The best time of day for a prostate examination is 6:30 because both hands are at the bottom.
*pulls up to drive thru window
Hi yes, do you guys deliver?
The hardest part of making new friends is weeding out the people who just want to sell you leggings.
Unless you’re a female bat and you gave birth hanging upside down, I’m not interested in hearing about how your baby was born.
Our scariest president was probably Rushmore, because he had four heads
I feel sorry for the Phillip whose head inspired the screwdriver.
I was in a busy lift today and someone opened and started eating an egg sandwich.
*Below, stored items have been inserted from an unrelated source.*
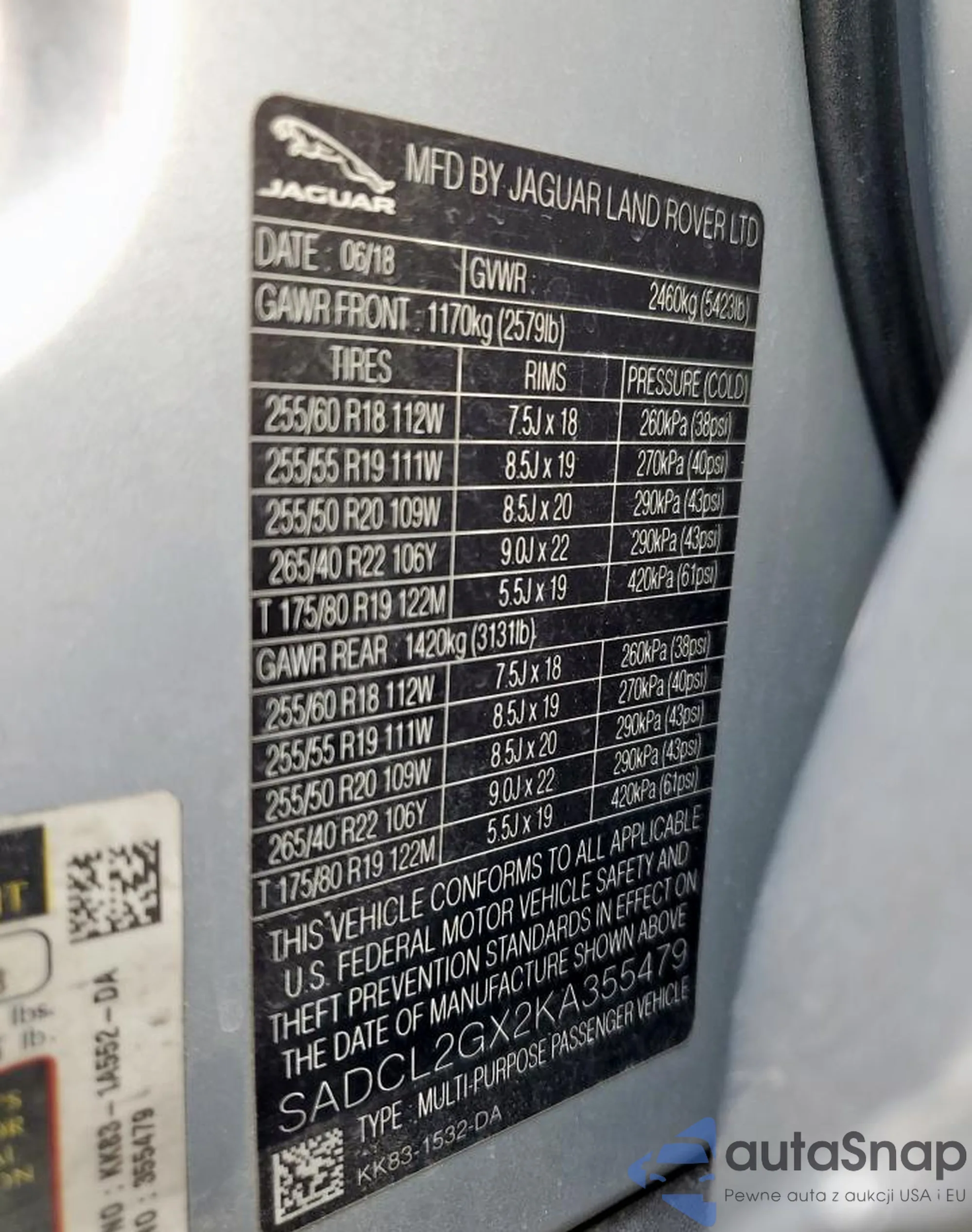 The car Jaguar F-Pace 2019 (VIN SADCL2GX2KA355479) has not been auctioned before. The documents are clean, and the mileage matches or is below the market average. Sold by an insurance company – we recommend purchase. Delivery to the port will take approx. 6–8 weeks.
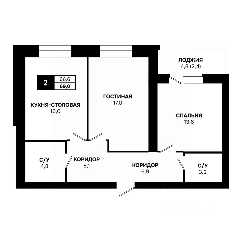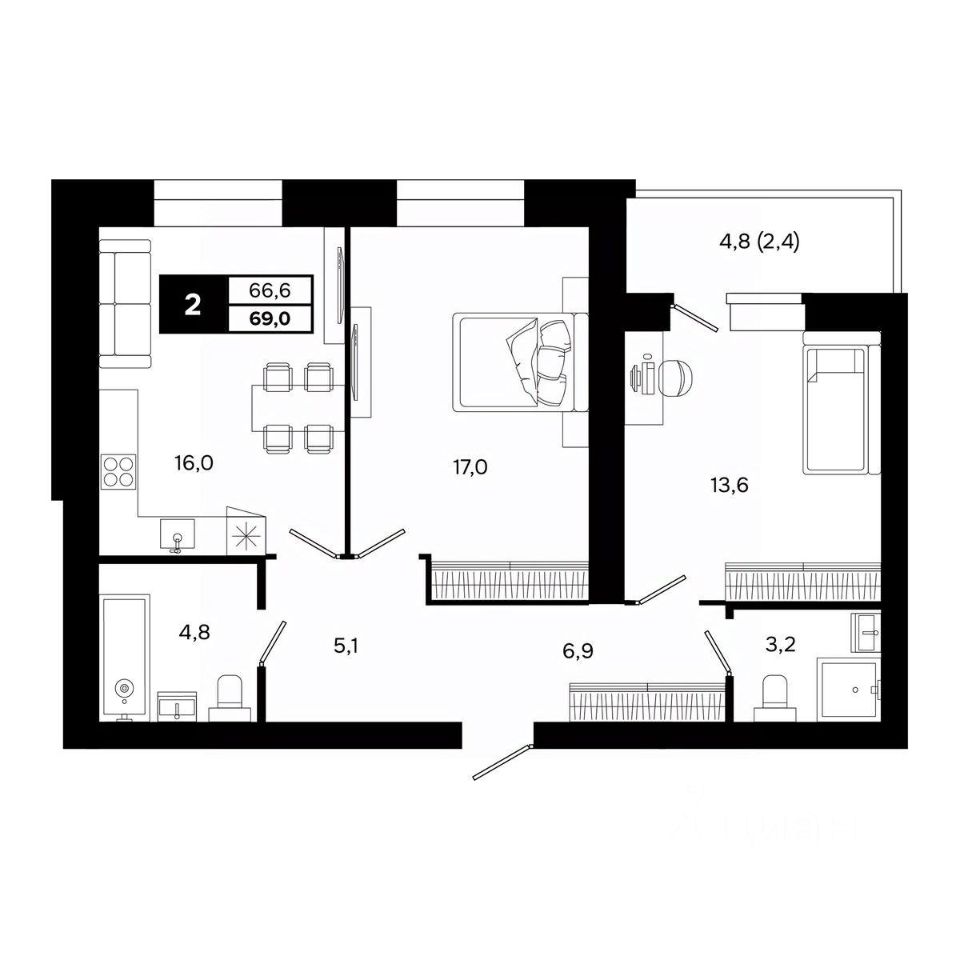 Общая площадь69 м²
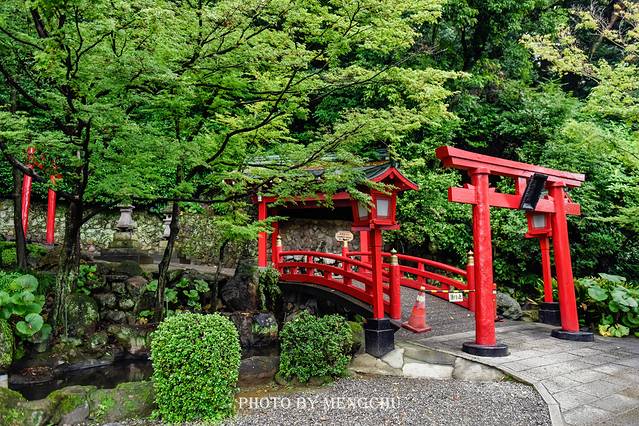在俯视钴蓝色地狱的山上,伫立着红色的鸟居,这里就是“白龙稻荷大神”神社,据说这座神社可以保佑家庭安全、生意兴隆和交通安全。

Just to repeat: in a lift.
People love Count Chocula and Frankenberry, but I can’t get anyone to try Night of the Lemon Dead or Texas Chainsaw Massacrunch.
[god creating hotdogs]
inflate that worm
Sing like no one’s listening
Dance like no one’s watching
Rub up against the bus stop like no one’s going to call the police
Now that I’ve raised teenagers it’s hard to look at babies the same way. They’re cute in the sense that a baby lion is cute, because I know what’s coming.
First of all, I didn’t take it, and second, I already put it back.
me: hi sharks, I built an app that calls the elevator when you’re 30 seconds away, so it’s waiting when you get there
Mark Cuban: I’m offering $5M for a 1%–
me: huh? I’m not seeking investment, I’m just here to brag that I’m gonna be rich
[first time in a bed]
me: this blanket is really heavy
salesman: you’re supposed to lay on top of the mattress
[lifts $1000 apple watch to my face]
Wrist computer: show me where hot dogs are.
There are no pants in heaven.
me: just tell me what to do
universe: *gives me a clear sign*
me: well that could be for anybody
My son turns 3 in two weeks and has zero interest in potty training. I’m trying one more time and then it’ll be his future wife’s problem.
just witnessed a drug deal
People say I’m not very responsible, when in fact I’m responsible for “pajama casual” being added to the employee handbook as inappropriate.
I’m watching CNN at 4am and there’s a commercial for a pot that’s “big enough to cook a hundred meatballs”
Hacker 1: She wrote her password recovery questions.
H2: So?
H1: “Fav Law of Thermodynamics?” There’s more than one?
H2: F this. Who’s next?
Marriage isn’t between a man and a woman. It’s between a person who is certain they closed the garage door and a person who is certain they did not close the garage door.
My toddler woke up, saw her shadow, and predicted 6 hours of anarchy.
If elected I will pour out three fingers of scotch and fill the bottle back up with water so my dad doesn’t notice.
I’m not religious, but if someone is turning water into wine, let’s take a second look.
In no functioning society should the sentence “Someone stole my ape cartoon” be followed by “now my life savings are gone”
Do you think Mr. Peanut had a normal first name, like Jim, or do you think it was like roasted or whatever?